U.S. stock futures are inching higher this morning as traders grapple with the ongoing implications of a meltdown in the oil markets. Crude oil experienced its largest down day in years yesterday falling over 7% on concerns of oversupply and slowing global demand. The crash came even after oil had already fallen eleven days in a row.
Against this backdrop, futures on the Dow Jones Industrial Average are up 0.44% and S&P 500 futures are higher by 0.51%. Nasdaq-100 futures have added 0.57%.
In the options pits, calls slightly outpaced puts while overall volume levels ended the day near average levels. Specifically, about 18.9 million calls and 17.3 million puts changed hands on the session.
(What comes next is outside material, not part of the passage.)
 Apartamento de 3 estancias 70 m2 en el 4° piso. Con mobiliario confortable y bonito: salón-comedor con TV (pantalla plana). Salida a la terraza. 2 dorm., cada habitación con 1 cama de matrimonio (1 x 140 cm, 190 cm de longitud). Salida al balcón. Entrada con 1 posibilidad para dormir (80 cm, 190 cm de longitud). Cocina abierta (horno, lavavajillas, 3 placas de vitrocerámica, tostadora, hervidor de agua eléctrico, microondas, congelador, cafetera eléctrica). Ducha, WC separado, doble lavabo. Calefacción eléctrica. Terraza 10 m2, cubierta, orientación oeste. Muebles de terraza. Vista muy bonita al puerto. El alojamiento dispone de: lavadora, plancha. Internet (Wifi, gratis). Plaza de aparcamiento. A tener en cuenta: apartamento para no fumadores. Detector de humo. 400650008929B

Over at the CBOE, the single-session equity put/call volume fell for the second day in a row to 0.70. The 10-day moving average once again stayed pat at 0.66.
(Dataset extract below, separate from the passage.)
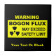 A black and yellow warning sign with text reading, "WARNING, BOGON FLUX, MAY EXCEED SAFETY LIMIT." A radioactive material warning symbol also appears. The bogon is an elemental particle which carries the property of bogosity, or being bogus (i.e., fake of bad). All humans are natural low-level bogons emitters. Emission levels fluctuate over time. Politicians, other individuals such as used car salesmen, are high level sources of bogons. When such individuals emit extremely high levels of bogons, as when making campaign promises, a bogon flux may occur. A bogon flux can be very dangerous to those in the area. Bogon was originally hacker jargon having to do with bogus addresses on a computer network.

Options activity was a mixed bag on Tuesday. Macy’s (NYSE:M) saw renewed options interest ahead of its quarterly earnings report. Amarin (NASDAQ:AMRN) shares slid on fresh details on the Irish company’s fish oil drug, Vascepa. Finally, Starbucks (NASDAQ:SBUX) was flooded with activity on news that it was cutting 5% of its workforce.
Let’s take a closer look:
Traders took to the options market to place their bets ahead of this morning’s earnings release from the premier retailer, Macy’s. The stock has held up like a champ during the recent market bloodbath and headed into the quarterly report as one of the few securities still above its 20-day and 50-day moving averages.
Macy’s beat the Street’s expectations, reporting earnings per share of 27 cents.
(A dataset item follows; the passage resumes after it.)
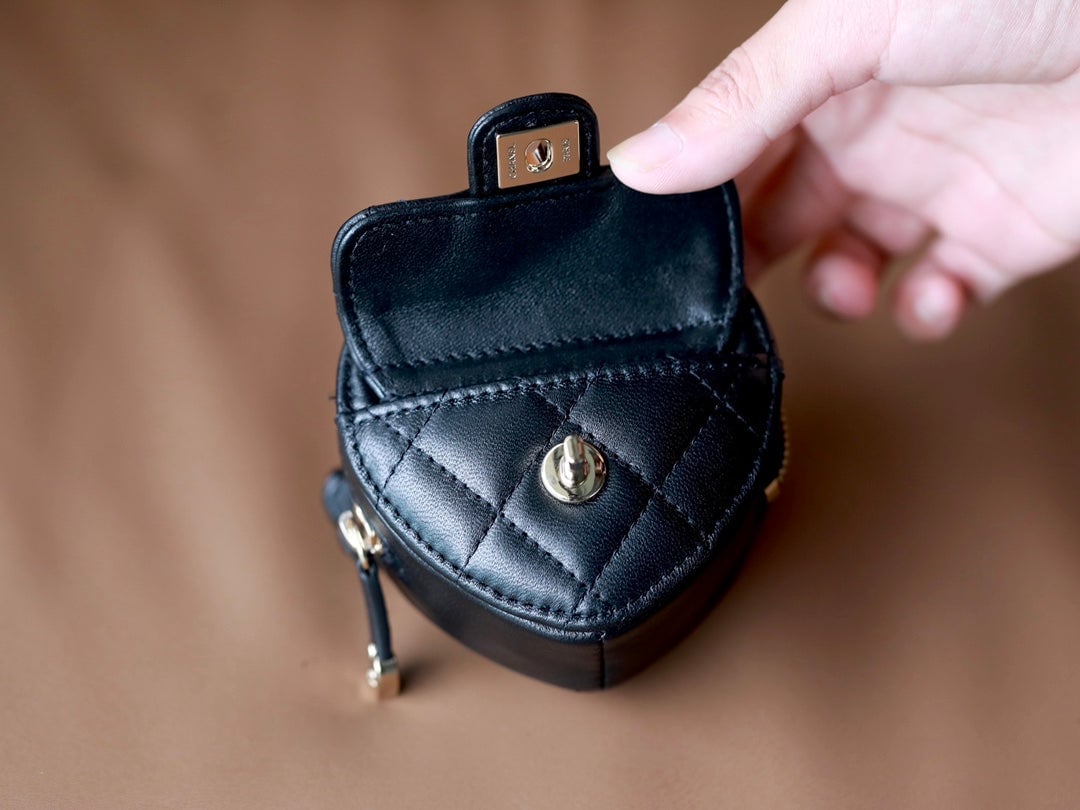 Home Shop Wallets Chanel Wallets Chanel Heart Coin Purse 8.5 Black Calfskin

On the options trading front, put volume spiked sharply. Activity swelled to 300% of the average daily volume, with 118,034 total contracts traded. And 63% of the trading came from put options.
As usual, implied volatility is running hot ahead of Macy’s earnings release. At 58%, it’s perched at the 78th percentile of its one-year range. Options traders were pricing in an earnings move of $3.58 or 10% making the 1% drop premarket a real snoozer. Chalk this up as a massive win for volatility sellers.
Promising results from a long-term cardiovascular outcomes trial involving Amarin’s fish oil pill, Vascepa, placed the company on the map in September with a jaw-dropping run that has since carried it from $3 to as high as $23.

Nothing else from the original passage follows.